• _EXERCISE GOAL_
Exactly and only the lines from the first entry through the line with "Right Side at 0 mm" should be copied, both ends included, with no pictures.

• _MATERIAL SUPPLIED_
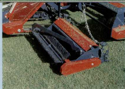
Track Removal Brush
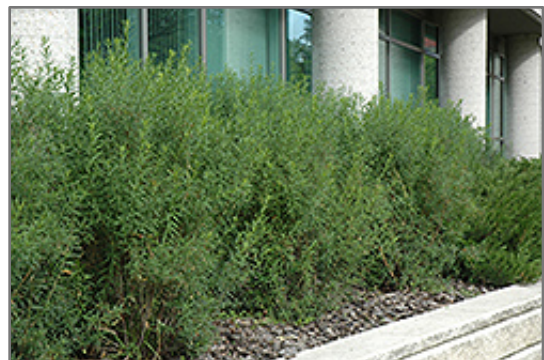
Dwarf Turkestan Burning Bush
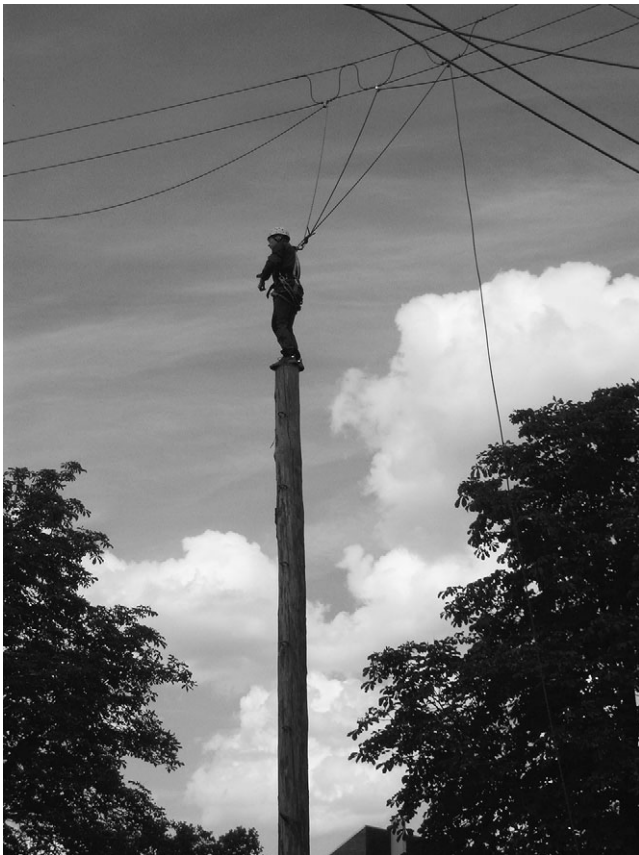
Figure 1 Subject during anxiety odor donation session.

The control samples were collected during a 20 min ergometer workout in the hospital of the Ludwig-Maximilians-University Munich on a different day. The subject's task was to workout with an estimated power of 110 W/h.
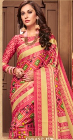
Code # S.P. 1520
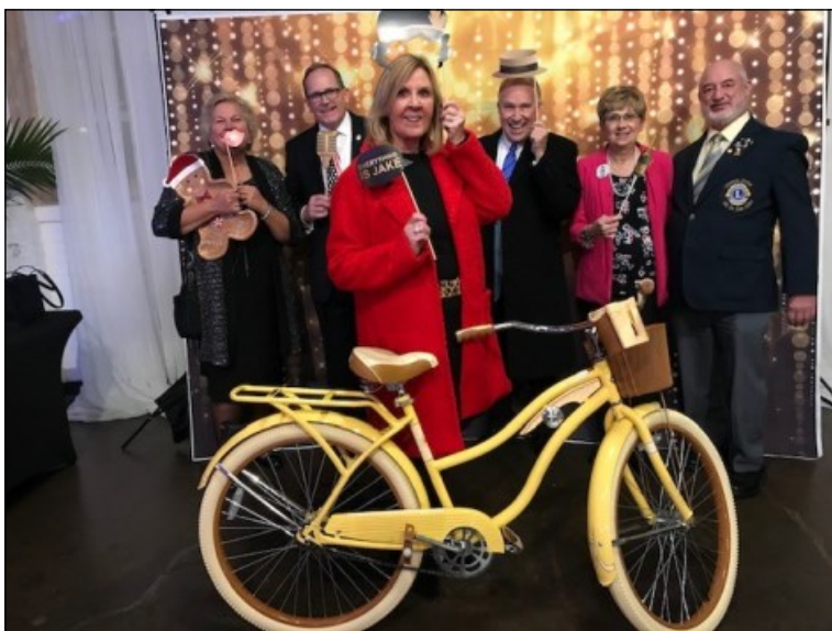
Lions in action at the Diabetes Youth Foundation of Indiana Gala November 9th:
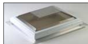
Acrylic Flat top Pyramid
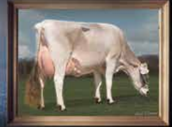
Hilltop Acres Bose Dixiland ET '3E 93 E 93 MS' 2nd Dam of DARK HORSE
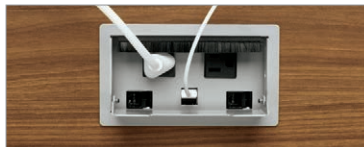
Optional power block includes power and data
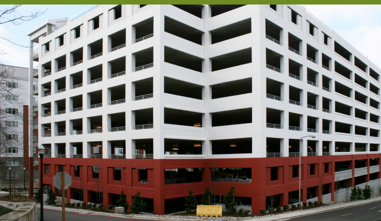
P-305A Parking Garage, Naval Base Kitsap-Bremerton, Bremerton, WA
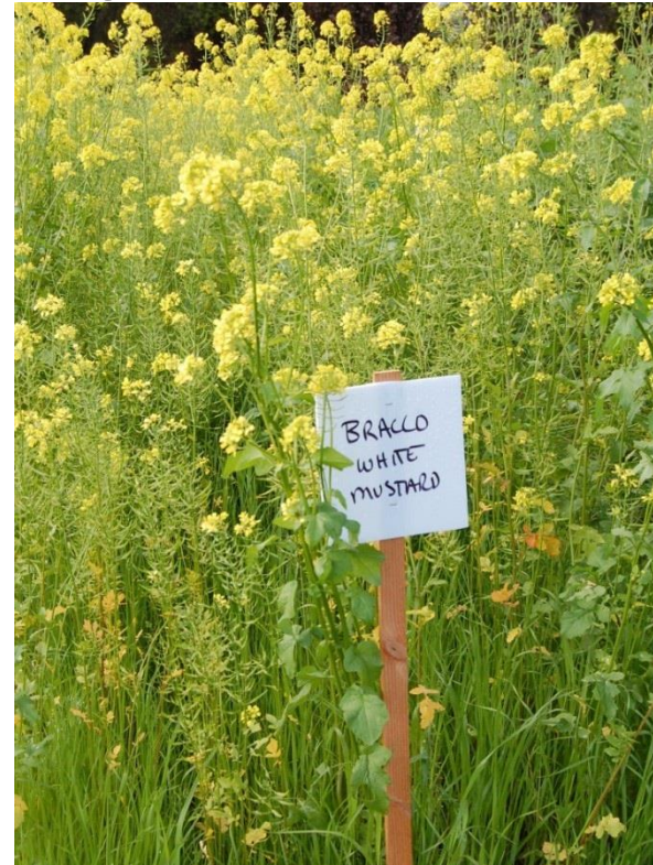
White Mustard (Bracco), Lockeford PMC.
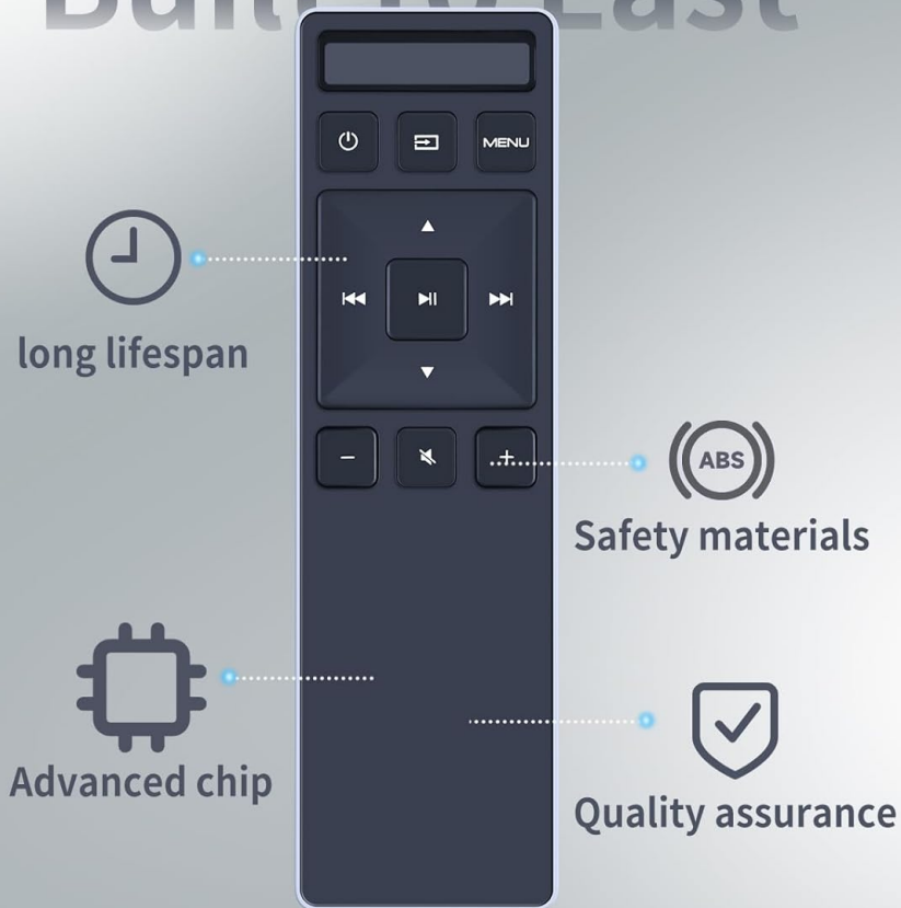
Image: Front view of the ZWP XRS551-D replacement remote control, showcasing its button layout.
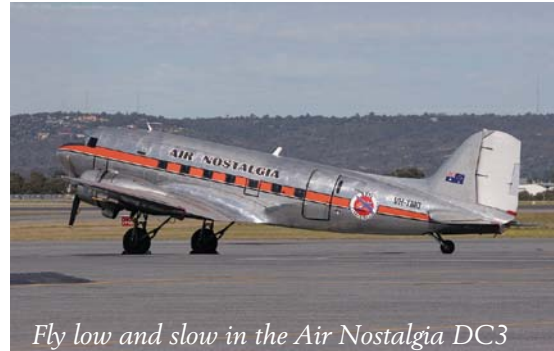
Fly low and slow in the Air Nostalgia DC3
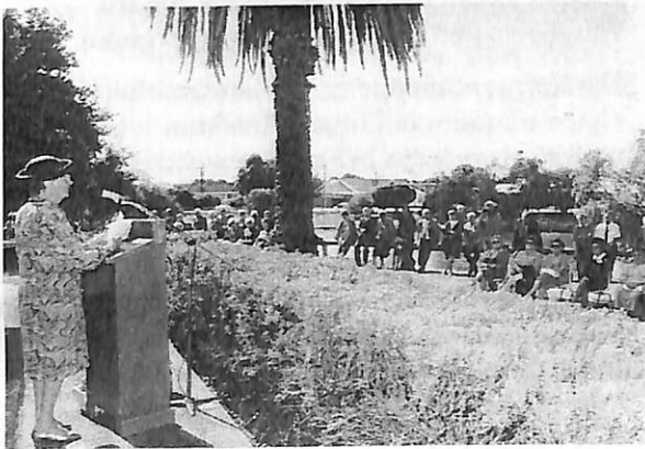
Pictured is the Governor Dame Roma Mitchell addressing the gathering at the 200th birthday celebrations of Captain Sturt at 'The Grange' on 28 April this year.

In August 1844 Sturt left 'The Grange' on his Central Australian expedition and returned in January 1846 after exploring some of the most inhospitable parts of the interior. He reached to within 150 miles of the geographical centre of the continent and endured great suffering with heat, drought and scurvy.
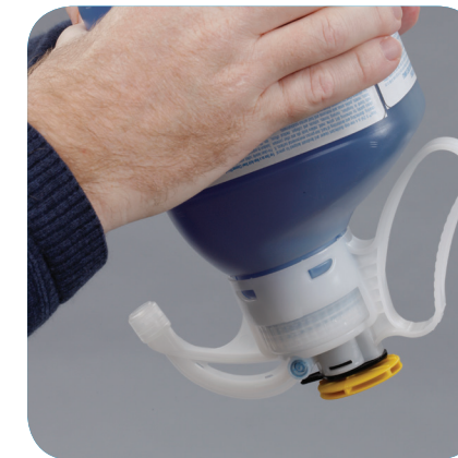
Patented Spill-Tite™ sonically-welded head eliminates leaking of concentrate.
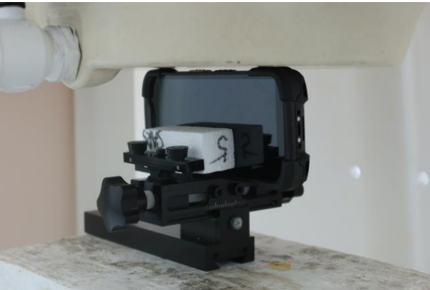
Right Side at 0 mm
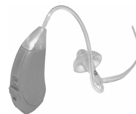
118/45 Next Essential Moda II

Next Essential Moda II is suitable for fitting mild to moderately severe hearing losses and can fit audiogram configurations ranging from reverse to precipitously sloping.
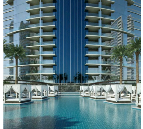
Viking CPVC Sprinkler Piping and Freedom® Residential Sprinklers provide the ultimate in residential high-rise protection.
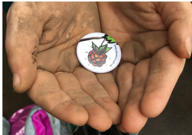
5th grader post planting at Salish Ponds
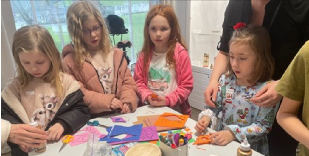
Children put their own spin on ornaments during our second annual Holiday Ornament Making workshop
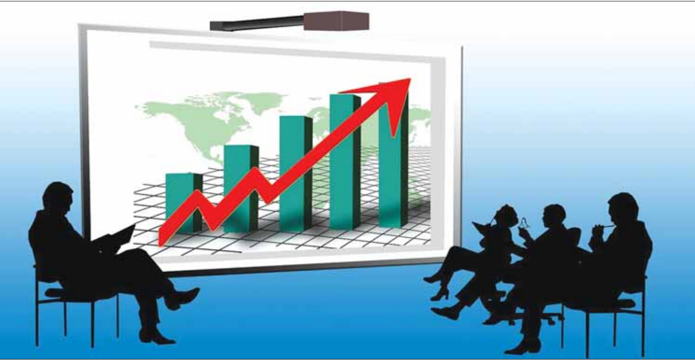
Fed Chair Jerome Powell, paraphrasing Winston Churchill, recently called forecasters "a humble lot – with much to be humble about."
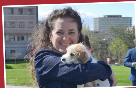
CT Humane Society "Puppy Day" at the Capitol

• _COMPLETED TASK_
Track Removal Brush
Dwarf Turkestan Burning Bush
Figure 1 Subject during anxiety odor donation session.

The control samples were collected during a 20 min ergometer workout in the hospital of the Ludwig-Maximilians-University Munich on a different day. The subject's task was to workout with an estimated power of 110 W/h.
Code # S.P. 1520
Lions in action at the Diabetes Youth Foundation of Indiana Gala November 9th:
Acrylic Flat top Pyramid
Hilltop Acres Bose Dixiland ET '3E 93 E 93 MS' 2nd Dam of DARK HORSE
Optional power block includes power and data
P-305A Parking Garage, Naval Base Kitsap-Bremerton, Bremerton, WA
White Mustard (Bracco), Lockeford PMC.
Image: Front view of the ZWP XRS551-D replacement remote control, showcasing its button layout.
Fly low and slow in the Air Nostalgia DC3
Pictured is the Governor Dame Roma Mitchell addressing the gathering at the 200th birthday celebrations of Captain Sturt at 'The Grange' on 28 April this year.

In August 1844 Sturt left 'The Grange' on his Central Australian expedition and returned in January 1846 after exploring some of the most inhospitable parts of the interior. He reached to within 150 miles of the geographical centre of the continent and endured great suffering with heat, drought and scurvy.
Patented Spill-Tite™ sonically-welded head eliminates leaking of concentrate.
Right Side at 0 mm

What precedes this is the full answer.